Async strongly-typed HTTP sessions.

This crate provides a session handling mechanism with abstract session store (typically a database). The crate is not meant to be used directly, but should be wrapped into middleware for your web-framework of choice.

This crate handles all the typical plumbing associated with session handling, including:

  • change tracking,
  • expiry and automatic renewal and
  • generation of session ids.

On the “front-end” of this crate, the SessionStore provides a simple interface to load and store sessions given an identifying string, typically the value of a cookie.

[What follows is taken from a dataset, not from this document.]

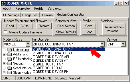 ファームウェアの種類「Function Set」をプルダウンして「ZIGBEE COORDINATOR API」を選択します。語尾に「API」のついたものと「AT」のついたものがありますが、ここでは必ず「API」を選択してください。

The Session type has a type parameter SessionData that decides what session-specific data is stored in the database. The user on the front-end is responsible for communicating session cookies to the client by performing the SessionCookieCommand returned by SessionStore::store_session.

On the “back-end” of this crate, the trait SessionStoreConnector expects a simple CRUD-based interface for handling sessions in a database.

Change tracking

Changes are tracked automatically in an efficient way. If a client has no session or an invalid session, a new session is created for that client. However, only if the session contains meaningful data it is stored and communicated to the client. Session data is assumed to be meaningful when it has been accessed mutably or the session was explicitly constructed with non-default data. Mutably accessing or mutating the expiry is not considered enough for the session to actually be stored.

Once the session is stored, if either the data or expiry is accessed mutably by a future request, it is updated. Each update generates a new session id to prevent simultaneous updates of the same session from producing unexpected results. If the session is not updated, then we neither touch the session store, nor do we communicate any session cookie to the client.

Session expiry

Session expiry is only checked when the session is loaded from the store. If it is expired, the store ignores it and returns no session. The session’s expiry can be updated manually, or automatically with a SessionRenewalStrategy. In case the session is renewed automatically, the session may be updated by the session store, even if neither its data nor expiry was accessed mutably.

Note that expired sessions are not deleted from the session store. This is left to a background job that needs to be set up independently of this crate. Also, expired cookies are not deleted, it is left to the browser to take care of that.

Manual session removal

While expiry does not actually delete sessions, but leaves this up to external jobs, sessions can be deleted from both the session store and the client using the Session::delete function. This marks the session for deletion, such that it is deleted from the store when SessionStore::store_session is called. The return value of store_session is then SessionCookieCommand::Delete, indicating to the web framework to set the Set-Cookie header such that the cookie is deleted.

Security

Sessions are identified by an alphanumeric string including upper and lower case letters from the English alphabet. This gives log_2(26+26+10) ≥ 5.95 bits of entropy per character. The default cookie length is 32, resulting in log_2(26+26+10) * 32 ≥ 190 bits of entropy. The OWASP® Foundation recommends session ids to have at least 128 bits of entropy. That is, 64 bits of actual entropy, where a good PRNG is assumed to produce 0.5 bits of entropy per bit. The random source used by default is rand::rngs::ThreadRng, from the rand crate, which is secure.

Session data is stored only in the session store along with a hashed session id, while the client only stores the unhashed session id.

Note that the OWASP® Foundation does not require session ids to be hashed. We anyways use the fast and secure hash function provided by crate blake3 for additional security in case the session store gets compromised.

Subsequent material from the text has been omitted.